Education, then: If the category of high performance based on the NAEP can be taken as roughly analogous to that of students who go on to a Bachelor’s degree or above, as recorded by the Census, we find that 76% of Asian Indians, but just 58% of Chinese Americans attain that standard. It is reached by 50% of Filipinos, 32% of Vietnamese, 59% of Koreans and 54% of Japanese. In other words, the distribution is all over the map, as it were.



National Origin

Percent in College

Percent BA & +

Asian Indian

32%

76%

Chinese

48%

58%

Filipino

42%

50%

Japanese

48%

54%

Korean

45%

59%

Vietnamese

40%

32%

“Asian alone”

40%

56%

“White alone”

27%

34%


The Vietnamese are relatively new arrivals in the United States, many as refugees from the war, and are still working their way through the American education pipeline.
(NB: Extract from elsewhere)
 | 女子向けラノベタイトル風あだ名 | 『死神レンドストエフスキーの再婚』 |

By way of a comparison, there is a smaller percentage of “White alone” Americans than any Asian group in college and a relatively small percentage with higher educations. This perhaps is both a cause and an effect of lower median family incomes.


Most of the children of the 18 million “Asian” Americans—5% of the population—live in wealthier, more stable, more highly educated families than White, Hispanic or Black students. The home situation for students in most of the Asian national origin groups establishes a benevolent feedback loop: prosperous, highly educated parents make it likely that their children will grow up to be prosperous and highly educated.
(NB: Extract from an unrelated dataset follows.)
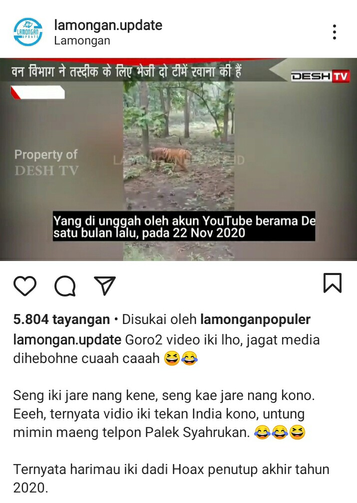Dalam video yang diunggah akun tersebut, terlihat kanal bernama DESH TV berisi video harimau dan lingkungan hutan yang sama dengan video yang sebelumnya beredar, hanya saja bercaption bahasa india dan telah diposting sebulan lalu.

Asian Indian Americans are helping to drive these positive outcomes for “Asian” Americans. Most Asian Indian adults, 3 million, are foreign born. They are, then, for the most part recent arrivals in the U.S., many arriving on H-1B visas, issued to those who wish to perform services in a specialty occupation. In a recent year, Asian Indians were issued 72% of H-1B visas. This may account for the relatively small percentage in college while at the same time a very high percentage have Bachelor’s degrees or above. As a group, they are unusually accomplished. In spite of the fact 76% report that the language spoken in their homes is one other than English, 72% of Asian American adults are employed in management, business, science, etc., compared to 42% of “White alone” adults. 99% of Asian Indians live in households with a computer and 97% in homes with broadband internet subscriptions. They will have arrived in this country, college degrees already in hand, qualifying for the much sought after H-1B visa, rapidly taking their place in the technology savvy American upper middle class.


It takes nothing away from this Asian Indian record of achievement to point out that it is most likely unique, and although something for all Americans to strive for, it is problematic as a standard for comparison with students from other groups, either native or foreign-born, who do not benefit from similar advantages.
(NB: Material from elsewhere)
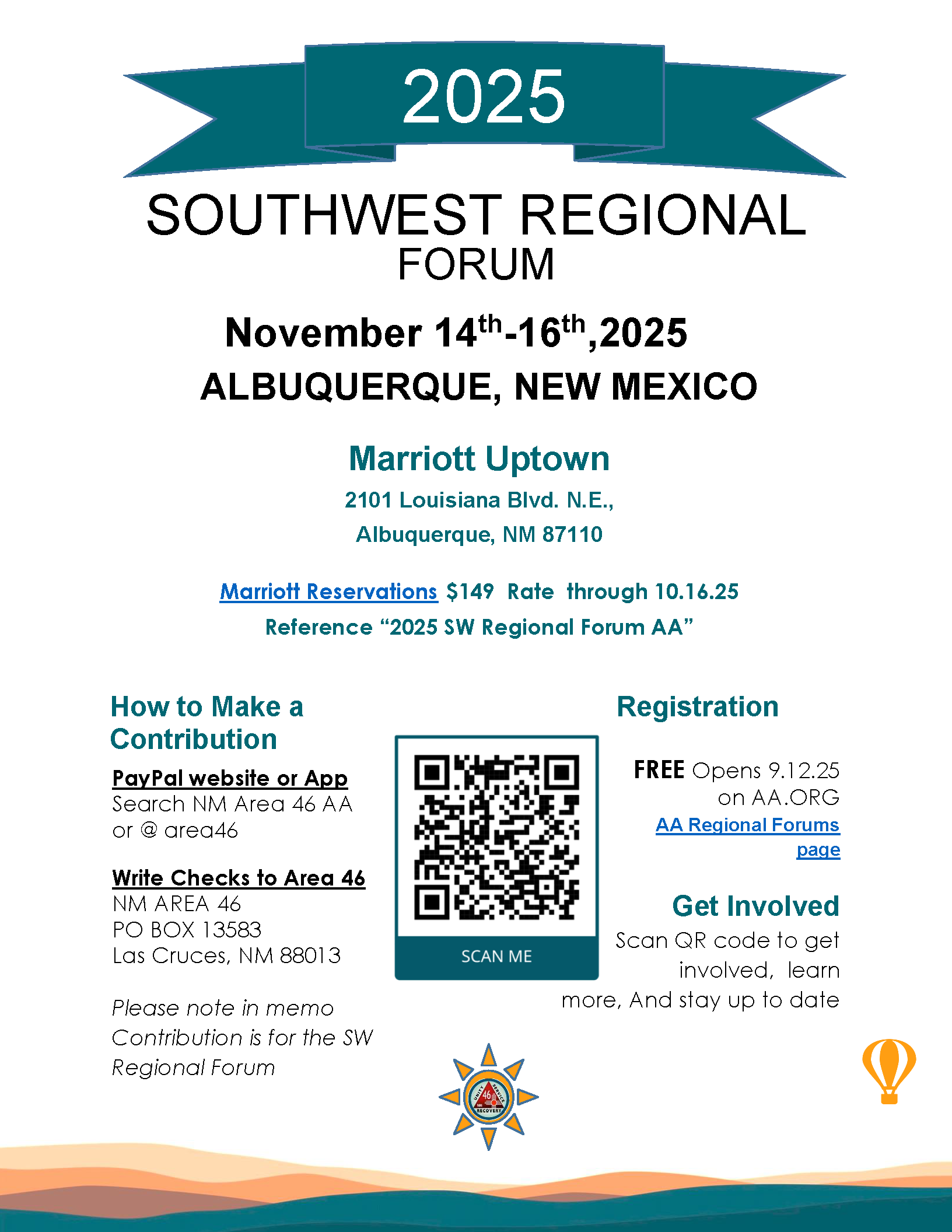 Area Assembly  January 10th and 11th, 2026 Zoom Meeting ID: 931 0896 7121 Passcode: Box459 Link to Area Assembly ZOOM Reserve your room at Holiday Inn Express & Suites-Russellville, 300 East Harrell Drive, Russellville. Call the Hotel at (479) 219-5152 and mention Area 4 Arkansas Assembly to get the discounted rate. Email secretary@arkansasaa.org to ensure

Which brings us to a similar analysis for Hispanic Americans. Unlike Asian Americans, whose national origin is distributed among the two “clusters” of Asian Indians, Chinese and Filipinos at 3 to 4 million and Japanese, Korean and Vietnamese at between one and two million, Hispanics are overwhelmingly members of one group, those of Mexican origin, only distantly followed by Puerto Ricans. For reference, here are the population statistics for the largest Hispanic groups with “Hispanic alone” and “White alone” included for purposes of comparison:


National Origin

Population

Mexican

37.2 million

Puerto Rican

5.8 million

Cuban

2.4 million

Dominican

2.1 million

Guatemalan

1.7 million

Honduran

1.1 million

“Hispanic”

60.5 million

“White alone”

236 million


A third (12.6 million) of the Mexican population of the United States resides in California. Another 9.4 million are residents of Texas and there are 2 million Hispanics in Arizona, about a third of the residents of these states. These border states were once part of Mexico. If present trends continue it will not be long before those states have majority Mexican populations once again.


Now for family statistics:


National Origin

Marriage Rate

Divorce Rate

Mexican

43%

7.5%

Puerto Rican

35.5%

11%

Cuban

44%

13%

Dominican

39%

11%

Guatemalan

42%

5%

Honduran

42%

6%

“Hispanic”

43%

9%

“White alone”

51%

12%


These, like other Hispanic data categories, are driven by the Mexican distributions.

Mexican Americans marry at lower rates than the “White alone” group and also divorce at lower rates. The marriage rates of the other Hispanic groups are lower than those of the White group, but the divorce rates are highly variable. In general, the Central American groups have comparatively lower divorce rates than other Hispanic or White, non-Hispanic, Americans .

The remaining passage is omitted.